- [Problem to solve]: Everything from the line that contains "Robert Hudson Farm" through the final line of the records below should be quoted exactly, except the pictures.

======== Data provided ========

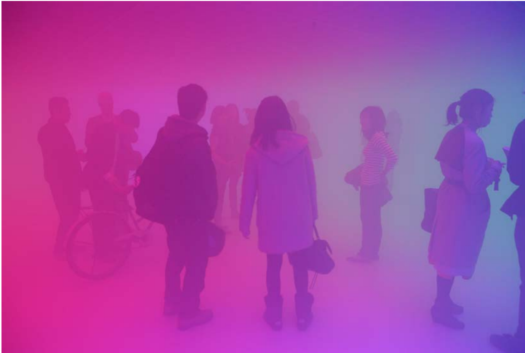
Feelings are Facts , 2010. Ullens Center for Contemporary Art, Beijing.
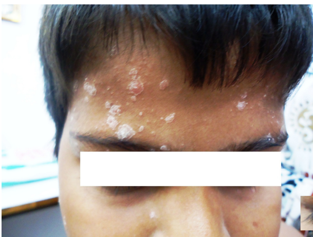
Figure 6 Sharply demarcated, red, scaly plaques over the face.

Inverse psoriasis is a variant of plaque psoriasis that spares the extensor surface typically affected by psoriasis vulgaris and affects the intertriginous areas with minimal or no scaling. This includes psoriasis of the flexures, napkin area, and genital psoriasis. It is characterized by smooth, inflamed lesions without scaling (Figure 7). Flexural psoriasis may occur as a primary disorder or as an isomorphic phenomenon on preexisting infective, seborrhoeic or intertriginous dermatoses. Psoriasis should be considered a diagnosis in case of therapeutic failure of intertrigo to antibacterial or antifungal agents. Similarly, candidal intertrigo should be considered a differential as there can be candidal overgrowth in flexural psoriasis. Psoriatic plaques of flexures are anhidrotic; however, friction and maceration tend to alter the clinical picture but still retain the characteristic pink color and well-defined nonscaly borders. The plaque has a glazed appearance with fissuring at the depth of the folds. Occurrence of psoriasis of retro auricular fold and external auditory meatus are the hidden signals of psoriasis and has to be differentiated from seborrhoeic dermatitis.
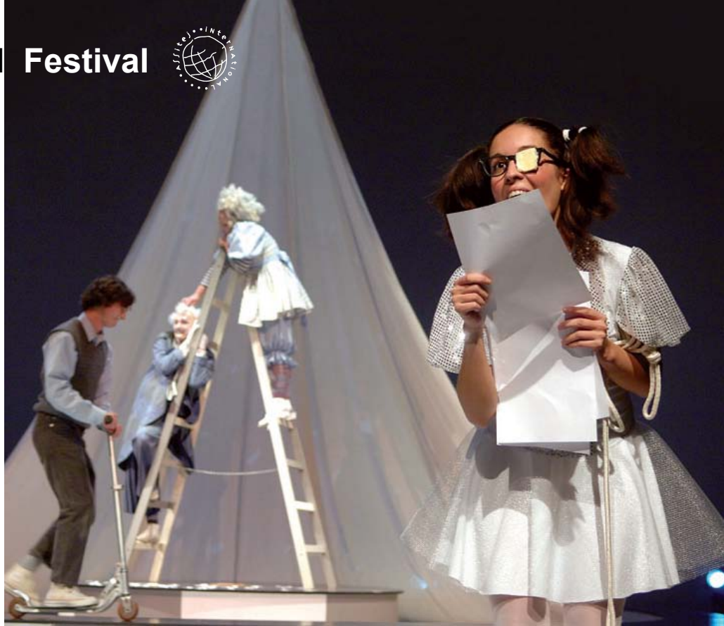
National Theatre Varaždin, Croatia, White Clown

The Second Epifest was the biggest meeting in theatre for children and young people in Croatia. It gathered artists from 25 countries, offered a very rich program of performances and workshops and defined a big step in the development of theatre for children in Croatia. Some of the merit goes to ASSITEJ International General Secretariat / Theatre Epicentre, initiator and co-organizer of all the events.
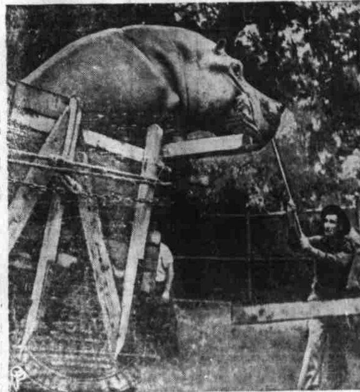
Keepers at Brackenridge Park Zoo in San Antonio, Tex., trying to move Punchie, the hippopotamus, to a new home, found that the 7,000-pound beast quite definitely didn't want to leave. He's shown almost upsetting the truck as he tries to leap over the side and return to his old abode. The keepers won out only after a seven-hour battle.
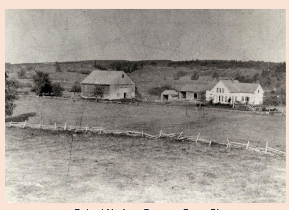
Robert Hudson Farm on Cross St House built c. 1813. In c. 1840, house remodeled and became part of the woodshed and the house now standing dates from that time.

"Farmers have commenced haying in good earnest [1815]."
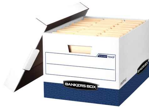
R-KIVE® Heavy-Duty Letter/Legal File Box 07243 White/Blue

Check out free organization tips and tricks from Bankers Box® in our Organization Center at www.bankersbox.ca .
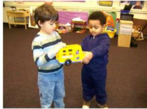
I can give my friend a toy that I want to share.

========

- [Output for this task]:
Robert Hudson Farm on Cross St House built c. 1813. In c. 1840, house remodeled and became part of the woodshed and the house now standing dates from that time.

"Farmers have commenced haying in good earnest [1815]."
R-KIVE® Heavy-Duty Letter/Legal File Box 07243 White/Blue

Check out free organization tips and tricks from Bankers Box® in our Organization Center at www.bankersbox.ca .
I can give my friend a toy that I want to share.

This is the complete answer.